SDX aims to make multi-function data applications easier to develop, less expensive to deploy and more consistently secure.
"Companies often cite security, governance, and complexity among their primary reasons for not moving their operational workloads to cloud," comments Tony Baer, principal analyst at Ovum.
"Cloudera has planted its stake in the ground by building in the security and data governance features to make companies confident in standing up their big data workloads in production. Cloudera SDX builds on the company's IP with a shared data experience across cloud and on-premises environments.
According to Cloudera, SDX addresses the following business challenges:
Siloed data
Self-service clusters in the cloud do not naturally share data and metadata, so individual clusters become de facto silos.
By sharing persistent data and metadata across on-demand applications and transient clusters, Cloudera customers can stay agile and ensure each isolated cluster does not require individual control and management nor incur the additional cost of data replication and storage.
Security breaches
Without centralized security controls, administrators are forced to continuously reapply security and access policies against multiple copies of siloed data, creating extra work and greater risk of exposing sensitive information.
With Cloudera SDX, security is applied consistently at the data level. Policies are pervasive and do not need to change or be reapplied when the data is moved or used within a new analytics application.
Governance challenges/noncompliance
A shared data and metadata catalog is imperative for dealing with HIPAA and PCI-DSS compliance today and looming requirements like GDPR.
A shared data catalog makes it easy to quickly find and understand the context of data, enabling self-service applications and providing inviolable audit and lineage functionality.

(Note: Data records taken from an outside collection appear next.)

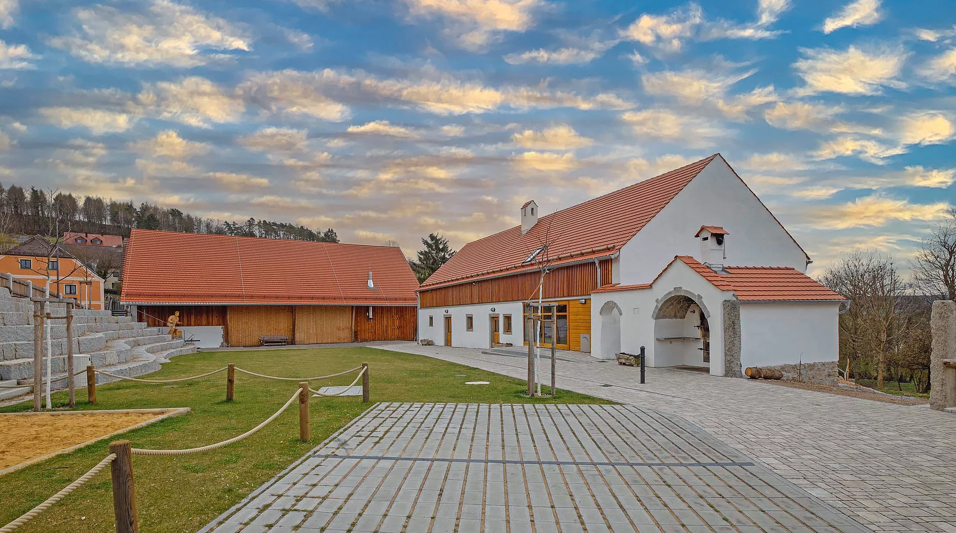 Schließlich ging es bei der Neugestaltung der Außenanlagen zu einer multifunktionalen Fläche, mit Spielflächen für Kinder und Festplatz für die traditionelle Kirchweih noch um eine optische Abrundung des gesamten Objektes. Ein Dorfbackofen rundet schließlich das Gesamtprojekt ab.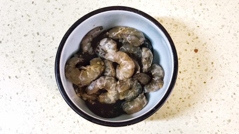 15. 投入已经腌制入味的虾仁,煸炒一下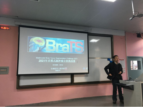 最后刘齐宏副教授为我们介绍了2021年多模式脑肿瘤分割挑战赛。作为一个全球性的赛事,对同学学业和英语专业水平有显著提升。曾经虽有同学们参赛未得奖,但是丰富了他们留学申请材料,为申请国际知名高校提供了有力的帮助。刘齐宏老师鼓励同学积极参与。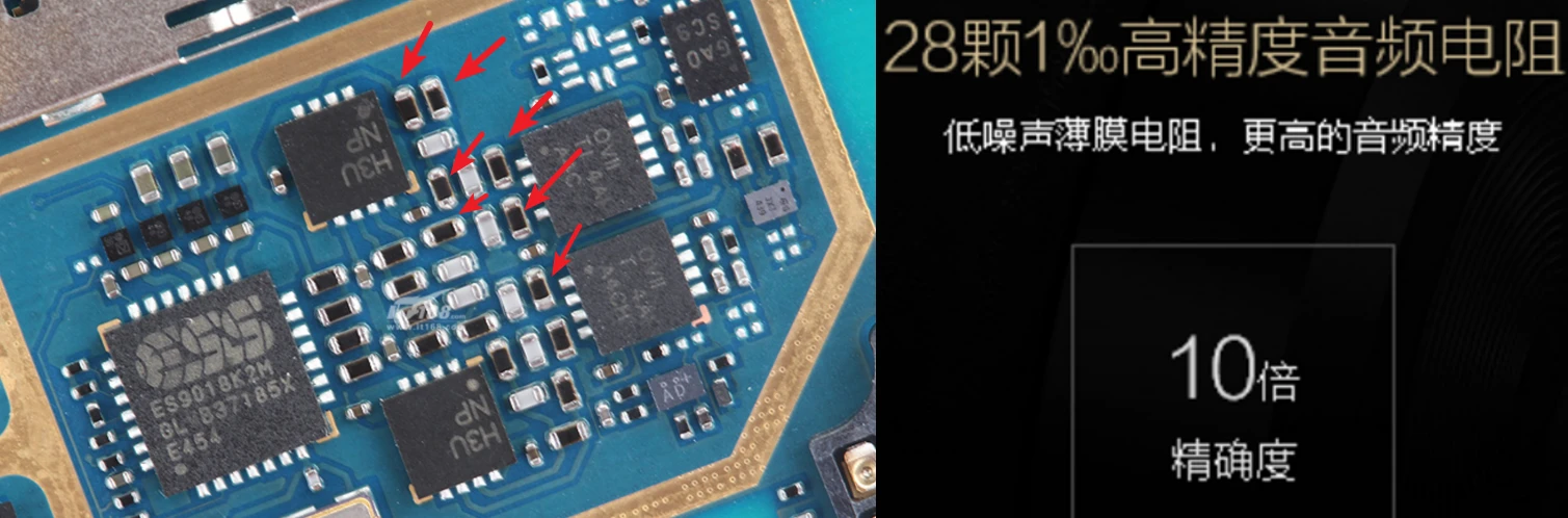 除了供电,有些Hi-Fi手机也会使用高精度电阻等,用来最大程度降低底噪,提升声音细腻度。如下图为小米Note的拆解图,使用了28颗1‰精度薄膜电阻来做配套。

The following features are available next month in Cloudera 5.13 and deliver enhanced SDX capabilities for cloud environments:
- Multi-cluster catalog, a Hive metastore based on shared Amazon RDS or shared MySQL for Azure users, to store and manage context about data
- Multi-cluster Cloudera Navigator capabilities that make it easier for users to discover data and govern access, meet audit requirements, and understand lineage
- Multi-cluster Sentry security permissions and policies to provide granular, role-based access controls to shared data
- The same Cloudera Manager interface for clusters anywhere, for more simplified operations and enhanced data authentication
- Backup and disaster recovery from on-premises clusters to Amazon S3
"SDX is the 'secret sauce' within Cloudera Enterprise that accelerates data science, machine learning, and analytics," adds Mike Olson, founder and chief strategy officer at Cloudera.
"Data is the world's most valuable resource. It is the fuel that drives insights, powers machines, and solves impossible problems. From day one Cloudera's focus has been on helping companies extract value from their data.
"Cloudera SDX simplifies this mission for IT and business users alike.